Archive - Feb 12, 2017
It is Sunday morning. I am sitting at home watching the snow come down and the smoke from the incense ascend. I was supposed to still be at the silent retreat at Holy Cross Monastery but it was decided that for safety sake, with the coming storm, everyone would head home Saturday evening. Some people left in the afternoon. Others left right after dinner. I was the only member of the group that stayed for compline. The service had a different feel with it being mostly just the monks.
It was a wonderful retreat and although I was disappointed that it had to be cut short because of the weather, I am looking forward to another retreat there.
I drove up Friday morning, leaving myself lots of extra time. I found quiet roads along the Hudson to drive along and a park to stop and watch the birds and animals. I arrived early and settled in. Since it was my first time there, I was shown around and given a sense of the rhythm of the day.
Instead of room numbers, the rooms are named after saints. I was staying in St. Thomas. The accommodations were sparse and simple but comfortable and comforting. I sat at my desk, looked out over the Hudson River, and read. I had not yet received the book we were reading for the retreat, so I spent time reading God’s Lovers in an Age of Anxiety by Joan Nuth. It is for a class I’m taking on English Spirituality and Mysticism. It provided a good backdrop for the weekend.
The first official event of the retreat was Vespers. The monks sat in the front and the guests sat in the back. I thought about my trip to Gethsemane Abbey in Kentucky many years ago, when I got to sit in the choir with the monks. If I had been Roman Catholic and better understood the monastic way, I could easily have become a Trappist. If I had a better understanding of monasticism and had visited Holy Cross Monastery those many years ago, I could easily have become a monk there. As I thought about the class I was taking and the setting of the monastery, I wondered about the role of the mystic, the monk, the hermit in contemporary society.
After Vespers came dinner. The food was also simple, good, and nourishing. After the meal we met briefly to talk about the agenda for the retreat. There would be meditations throughout the weekend based on Rowan Williams book, Being Disciples. We were encouraged to go to as many services as possible. We went to Compline and entered into silence.
I typically try to sleep from nine in the evening until five in the morning, but somehow, after compline and some reading, I managed to lose an hour and the clock on the bed stand said it was ten, so I went quickly off to bed.

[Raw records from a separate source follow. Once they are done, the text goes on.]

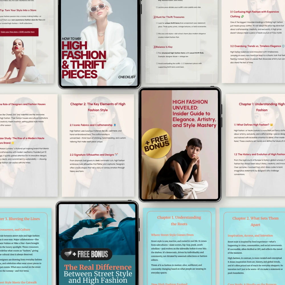 Ready to take your style to the next level? Download the “Timeless High Fashion Techniques and Tips” bundle today and discover the art of fashion mastery. With expert guides, insider tips, and practical checklists, you’ll have everything you need to elevate your wardrobe and your confidence. Don’t wait—download now and start creating your own fashion legacy!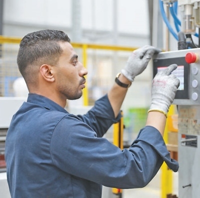 在中?!ぬ┻_蘇伊士經(jīng)貿(mào)合作區(qū)內(nèi),當(dāng)?shù)毓と嗽诓僮髟O(shè)備。本報記者 張志文攝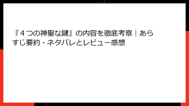 『4つの神聖な鍵』レビュー大解剖:絶賛の嵐と隠れた声まで徹底調査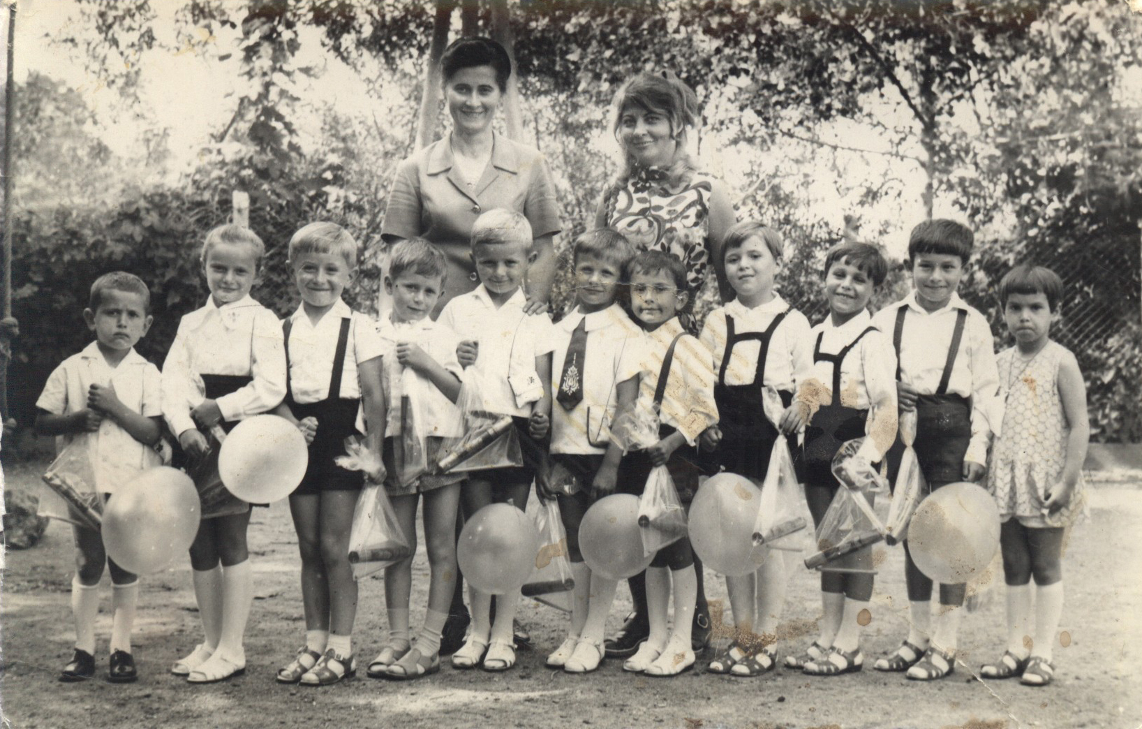 Nyilvános 1634 | 4415 | 1970-es évek. A kép a régi óvoda udvarában készült. Baloldali óvónő: Könyves Rózsa, jobboldali keresztneve Gabriella. Gyerekek balról jobbra: Süvegi Lajos, makai Mária, Baranyai János, Baranyai László, Zsovár László, Szemérnyi László, nem ismert, Molnár Hajnalka, Horváth László, Baranyai Elemér, ismeretlen. | |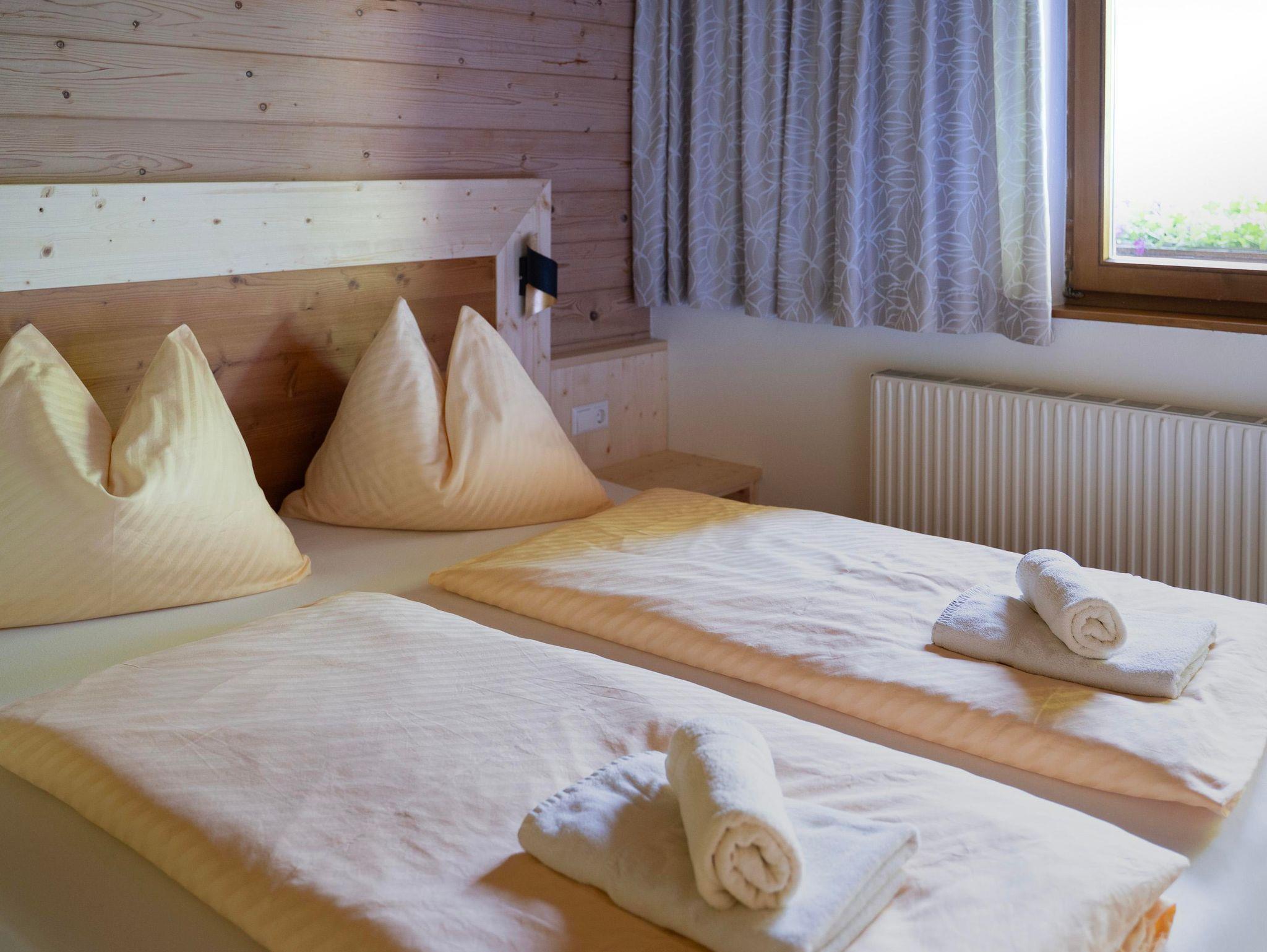 Gemütlich wohnen in Appartements für 2-8 Personen, mit bis zu 3 Schlafzimmern, teilweise mit Kachelofen und Balkon mit Bergblick, gratis Wlan. Im Winter 3x wöchtentlich Saunaabend im Haus. Die zentrale, aber doch ruhige Lage, garantiert eine sehr gute Erreichbarkeit der umliegenden Skigebiete und ist gleichzeitig perfekter Start für Ihre Wanderungen in den Bergen. Unsere Produkte aus der eigenen Landwirtschaft, wie frische Milch, Eier und vieles mehr liefern wir gerne ins Haus.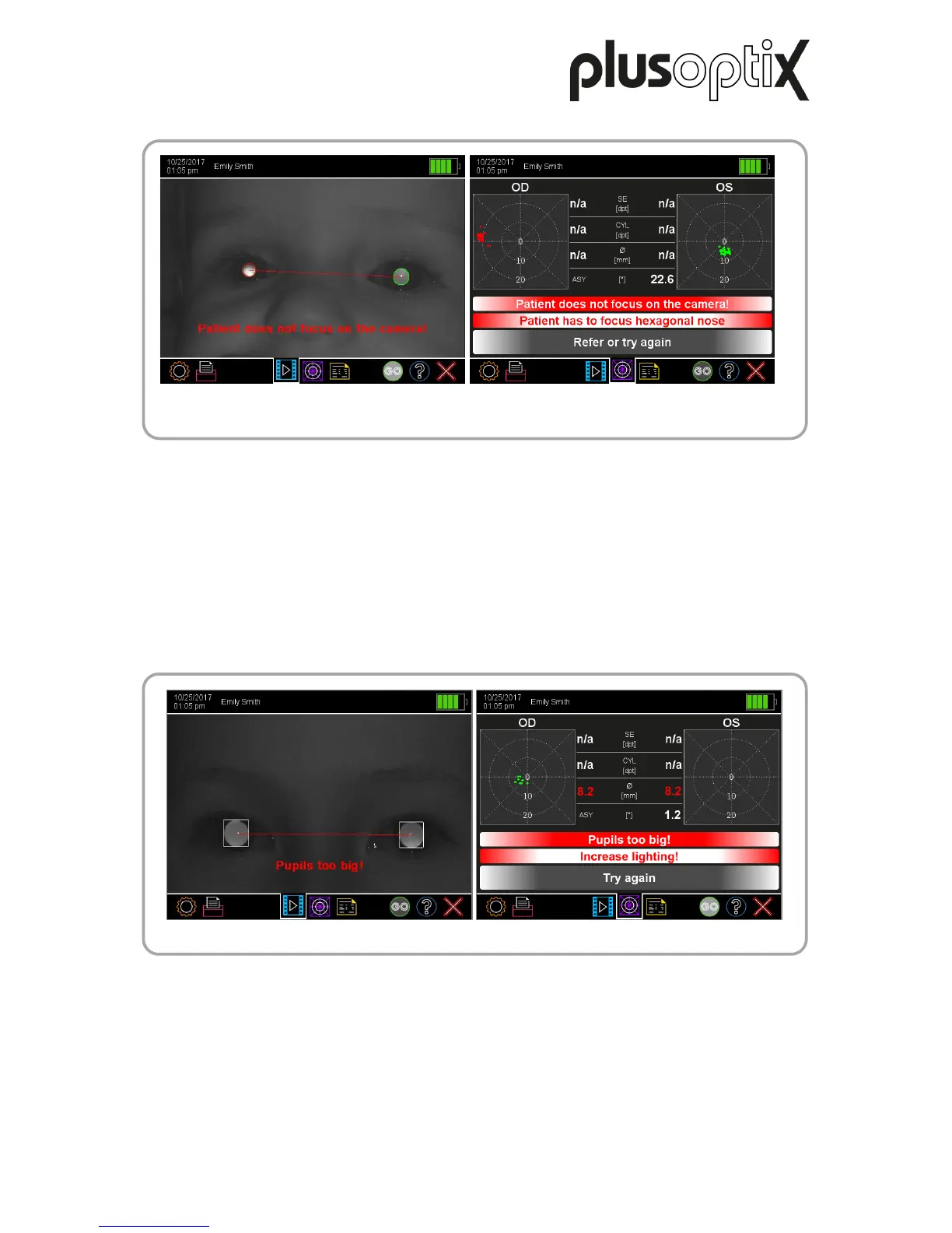 Cause: This error message is shown if one or both pupil diameters are greater than 8.0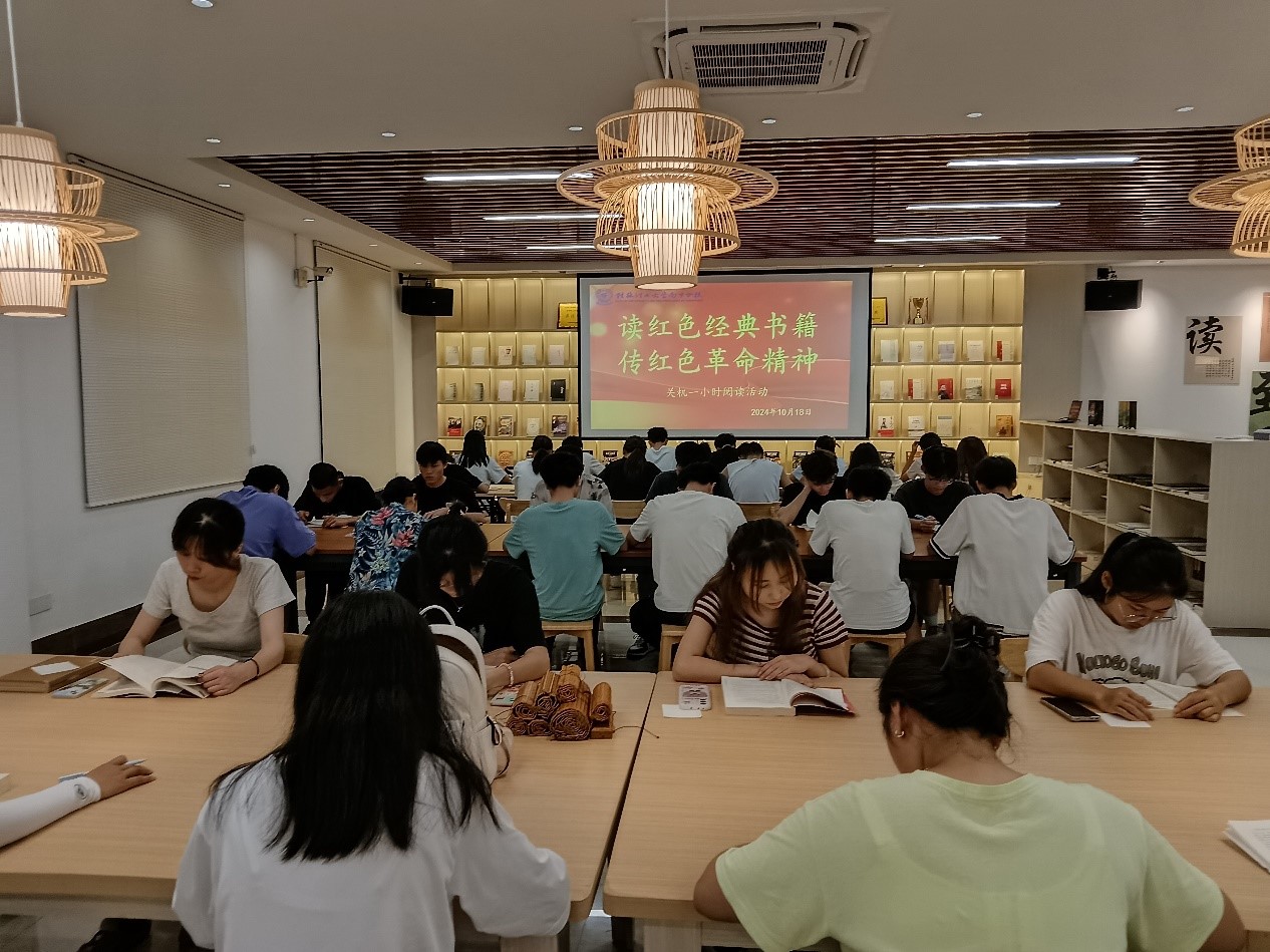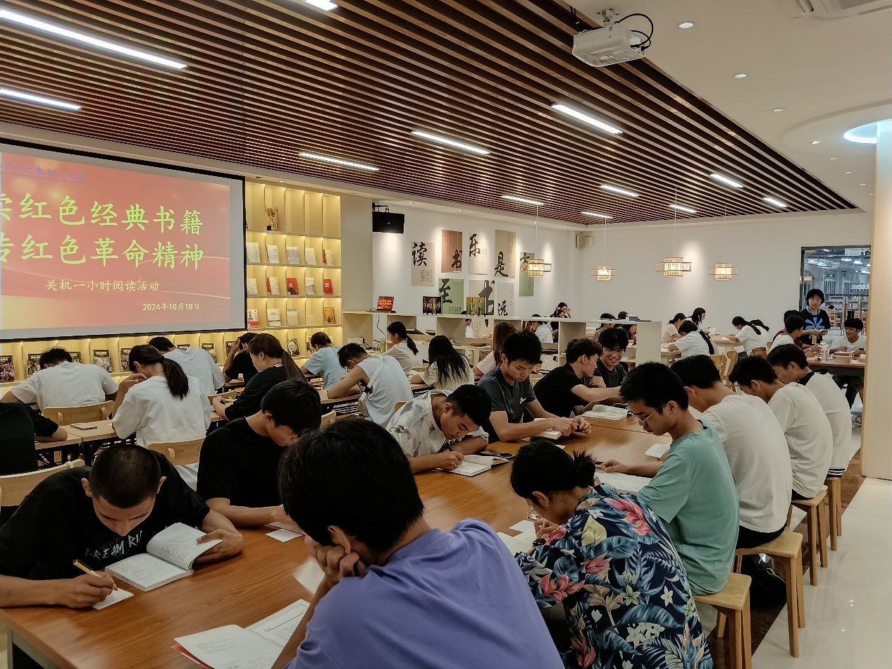 10月18日晚,图书馆在七楼阅享空间开展了第十二期“关机一小时”阅读活动,本期阅读主题为“读红色经典书籍,传红色革命精神”,活动吸引了约100名在校生参与。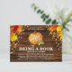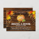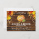 Une jolie carte d'automne rustique "Apportez un Livre" avec un arrière - plan en bois foncé, un pompage plus glacé, congé d'automne et confettis de parties scintillant en faux or. La meilleure façon de demander aux clients d'apporter un livre au lieu d'une carte à votre fête de baby shower.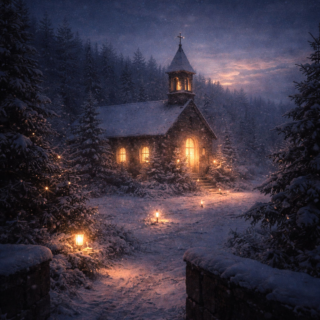lofi, medieval christmas folk, uplifting gospel alternative, dreampop atmosphere layer, lofi texture layer, holiday, pre-dawn christmas vigil atmosphere, distant chapel ambience, low chant-inspired pads, steady heartbeat-like pulse, restrained percussion, warm organ and drone tones, slow patient build, reverent calm, endurance through stillness, faith held through the night, quiet hope before morning, instrumental
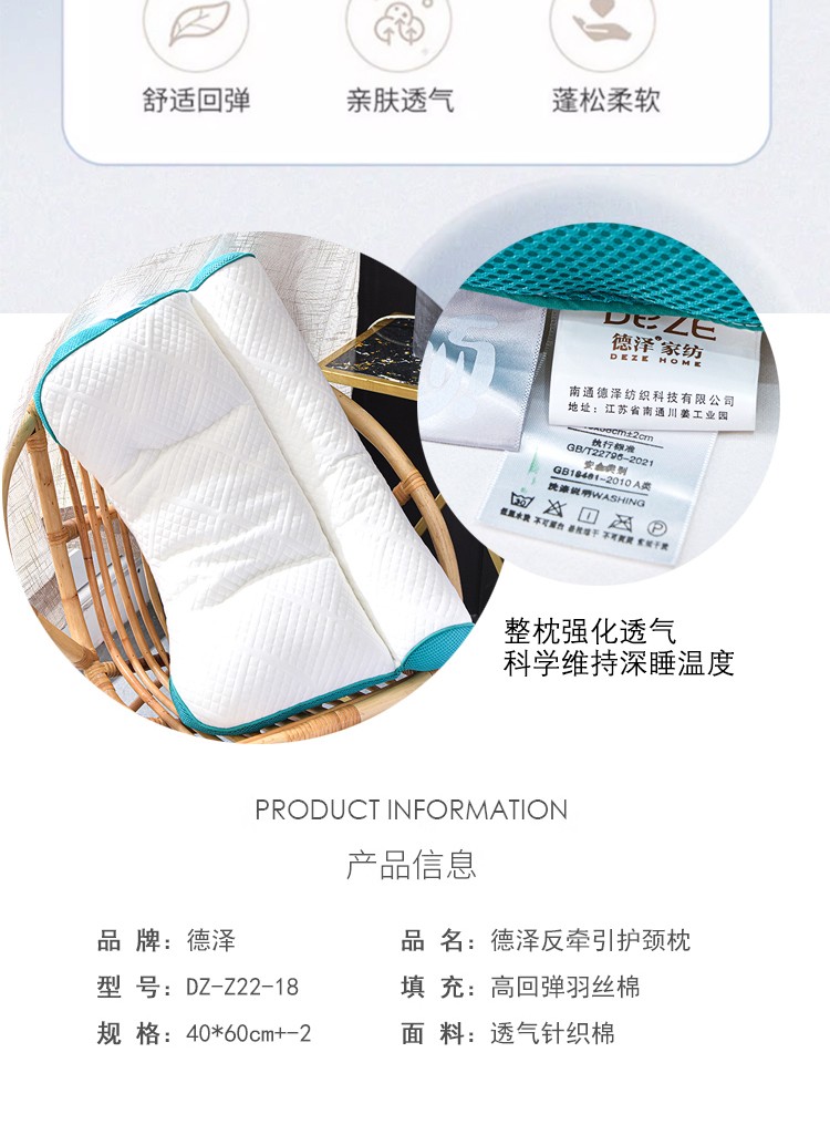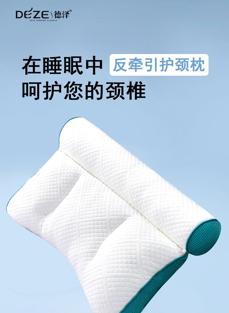 德泽反牵引护颈枕DZ-Z22-18枕头深度护颈枕睡眠颈椎枕反牵引颈椎病专用人体工学枕芯 单只装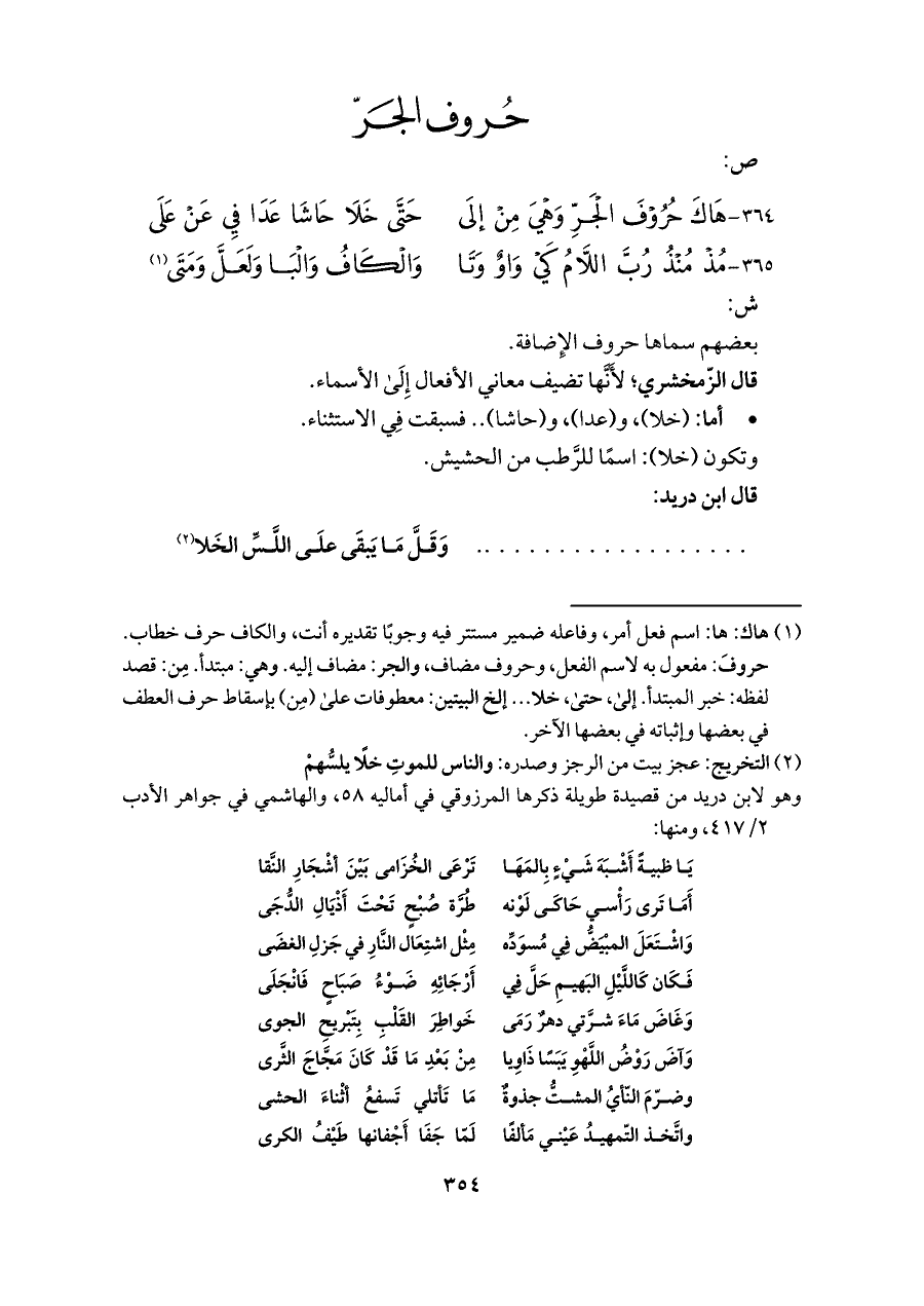 (¬١) هاك: ها: اسم فعل أمر، وفاعله ضمير مستتر فيه وجوبًا تقديره أنت، والكاف حرف خطاب. حروفَ: مفعول به لاسم الفعل، وحروف مضاف، والجر: مضاف إليه. وهي: مبتدأ. مِن: قصد لفظه: خبر المبتدأ. إلى، حتى، خلا ... إلخ البيتين: معطوفات علَى (مِن) بإسقاط حرف العطف في بعضها وإثباته في بعضها الآخر.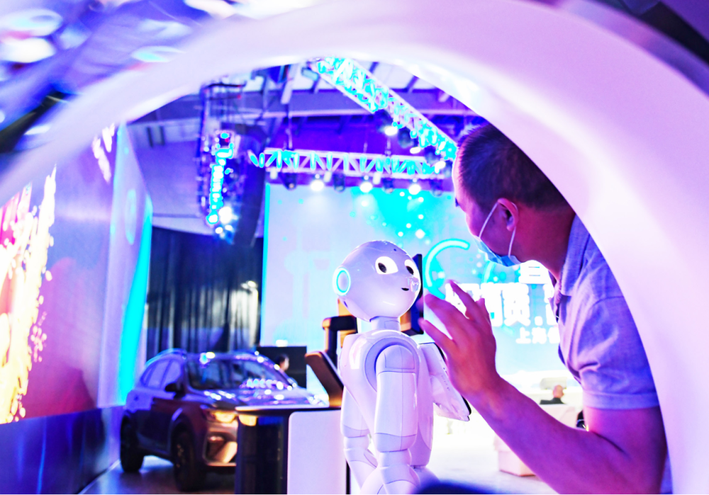 5月17日,上海信息消費云峰匯現(xiàn)場的智能機(jī)器人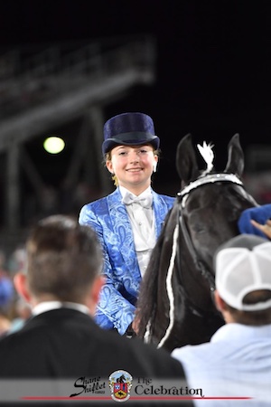 Dixie Dare Devil and Claudia Gribble received the world grand championship for owner Ella Abernathy from Olive Branch, Mississippi, in the Owner-Amateur Riders on Two-Year-Old Walking Horses class. Sired by The Dixie Lineman and out of Magic’s Jazzy Lady, it was the second blue in five classes this year for Dixie Dare Devil. Gribble and Dixie Dare Devil also won the Owner-Amateur Two-Year-Old Stallions, Section B class the first Thursday night of The Celebration. Peace In The Valley CTF earned reserve honors with co-owner Gabriel Humiston in the saddle for co-owners Mark and Sharon Thomas. Gunsmith and David Sisk tied third for owners Dr. Andrew and Linda Sisk. Paul Robbins was the call judge with 11 of 16 programmed entries competing.

In the middle of the night, I awoke to find the room filled with a bright light. Was the light some sort of message? Some sort of metaphor? I got up and looked out the window. There was a barge heading down the river shining a giant spotlight on the shore. I wrote in my journal about it. There are probably some good writing ideas somewhere in there.
Saturday morning, I rolled over and saw that the clock said s five thirty in the morning. I had slept later than I had planned, but it was okay since I had gone to bed later than I had planned. I got up and started preparing for the day. I showered and dressed, discovering that I had forgotten my deodorant.
I had put my phone in airplane mode. I turned it on to see if there were any important messages from the evening. There were none. I noticed that my phone said it was only five twenty, and hour earlier than the clock on the bed stand. I figured that something must have gone wrong with my phone and I set it to six twenty, but then the phone set itself back to five twenty. I’ve seen this happen before when I’ve been traveling in areas with poor cellphone coverage, so I assumed that this was the case.
I went down stairs to sit, read, and wait for Matins. It was quiet and dark. No one else seemed to be stirring. I walked over to the clock next to the refectory and found that it said it was now five forty. Twenty minutes had passed and it seemed my phone was agreeing with this clock, and not the clock in my room. It finally occurred to me that the clock in my room was an hour a head, perhaps it had never been set back when we moved to standard time.
After services and breakfast, during a time of silence in one of the rooms, the guest master and retreat leader came into the room and said they needed to break silence. I left the room and wondered what it was. We had agreed that there would be no politics discussed on the retreat and most people had decided to keep away from sources of news. I had figured that if anything really important happened, I would hear about it, and I wondered if that was what the guest master and retreat leader were talking about.
Later, I found out. Predictions of the coming ice storm had been revised. It would be worse than expected and the guests were encouraged to head home Saturday evening. Perhaps there was another metaphor or message there.
Now, I am home. I’ve lit some incense I brought home from the retreat. I have spoken with my wife and daughter a little bit about the retreat, and I have written these notes. There were plenty of important insights and conversations on the retreat, but I’ll save them for a different time and place. Now, I’ll post this respond to messages that have come in over the weekend, and prepare for the coming week.